* ABOUT THIS EXERCISE *
The response must consist of the lines from the one holding "整體以淺灰、米白為基調(di" through the final line of the entries, given again exactly and without any pictures.

*** RECORD SET ***

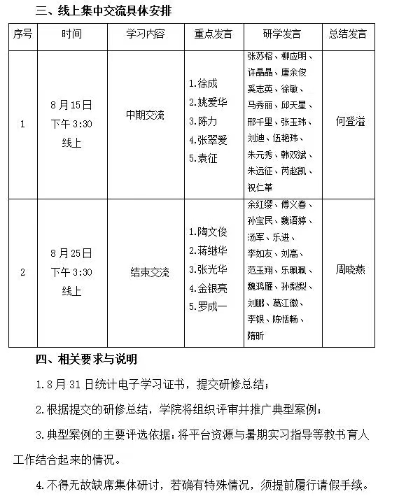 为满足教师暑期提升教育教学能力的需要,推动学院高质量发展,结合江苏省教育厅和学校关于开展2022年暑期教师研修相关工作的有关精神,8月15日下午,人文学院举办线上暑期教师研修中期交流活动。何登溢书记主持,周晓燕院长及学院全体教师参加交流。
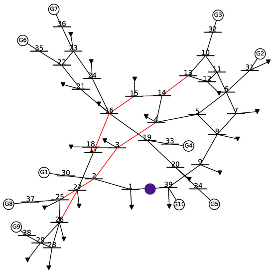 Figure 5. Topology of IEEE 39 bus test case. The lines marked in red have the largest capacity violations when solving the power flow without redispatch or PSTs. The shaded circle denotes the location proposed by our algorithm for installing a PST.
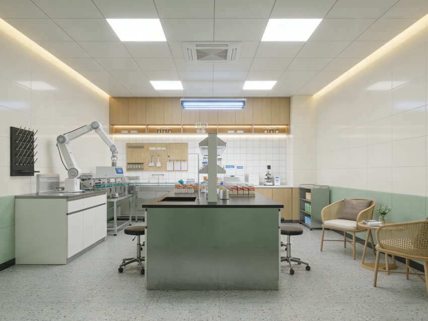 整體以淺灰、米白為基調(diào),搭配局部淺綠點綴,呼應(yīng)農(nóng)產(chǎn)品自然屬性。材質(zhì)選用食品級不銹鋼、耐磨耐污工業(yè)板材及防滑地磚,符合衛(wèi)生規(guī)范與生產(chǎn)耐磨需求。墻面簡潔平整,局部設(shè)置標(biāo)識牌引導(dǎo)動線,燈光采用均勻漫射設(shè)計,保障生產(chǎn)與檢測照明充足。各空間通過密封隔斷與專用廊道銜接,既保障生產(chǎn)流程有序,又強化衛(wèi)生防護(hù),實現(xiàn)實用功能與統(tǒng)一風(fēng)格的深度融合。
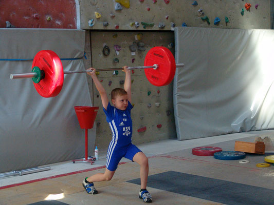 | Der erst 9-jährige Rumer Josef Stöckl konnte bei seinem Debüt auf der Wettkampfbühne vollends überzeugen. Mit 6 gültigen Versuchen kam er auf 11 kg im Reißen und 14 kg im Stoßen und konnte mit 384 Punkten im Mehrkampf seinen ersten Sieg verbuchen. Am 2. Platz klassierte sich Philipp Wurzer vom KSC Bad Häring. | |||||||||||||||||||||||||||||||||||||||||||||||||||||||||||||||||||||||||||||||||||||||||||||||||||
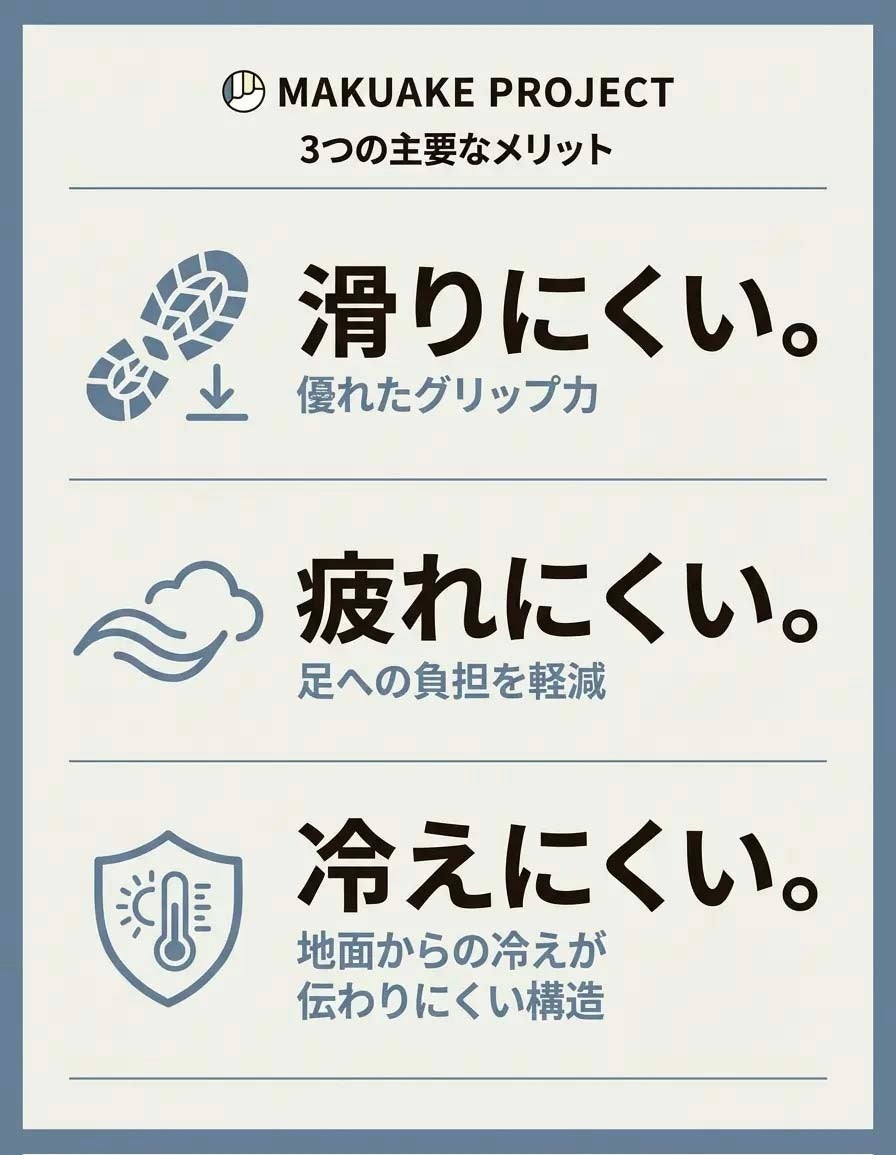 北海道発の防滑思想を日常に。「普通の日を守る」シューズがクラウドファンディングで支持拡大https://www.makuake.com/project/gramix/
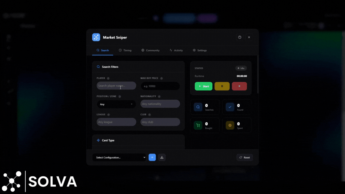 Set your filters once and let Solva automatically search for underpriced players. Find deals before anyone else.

*** End of RECORD SET ***

* RESPONSE TO THIS TASK *
 整體以淺灰、米白為基調(diào),搭配局部淺綠點綴,呼應(yīng)農(nóng)產(chǎn)品自然屬性。材質(zhì)選用食品級不銹鋼、耐磨耐污工業(yè)板材及防滑地磚,符合衛(wèi)生規(guī)范與生產(chǎn)耐磨需求。墻面簡潔平整,局部設(shè)置標(biāo)識牌引導(dǎo)動線,燈光采用均勻漫射設(shè)計,保障生產(chǎn)與檢測照明充足。各空間通過密封隔斷與專用廊道銜接,既保障生產(chǎn)流程有序,又強化衛(wèi)生防護(hù),實現(xiàn)實用功能與統(tǒng)一風(fēng)格的深度融合。
 | Der erst 9-jährige Rumer Josef Stöckl konnte bei seinem Debüt auf der Wettkampfbühne vollends überzeugen. Mit 6 gültigen Versuchen kam er auf 11 kg im Reißen und 14 kg im Stoßen und konnte mit 384 Punkten im Mehrkampf seinen ersten Sieg verbuchen. Am 2. Platz klassierte sich Philipp Wurzer vom KSC Bad Häring. | |||||||||||||||||||||||||||||||||||||||||||||||||||||||||||||||||||||||||||||||||||||||||||||||||||
 北海道発の防滑思想を日常に。「普通の日を守る」シューズがクラウドファンディングで支持拡大https://www.makuake.com/project/gramix/
 Set your filters once and let Solva automatically search for underpriced players. Find deals before anyone else.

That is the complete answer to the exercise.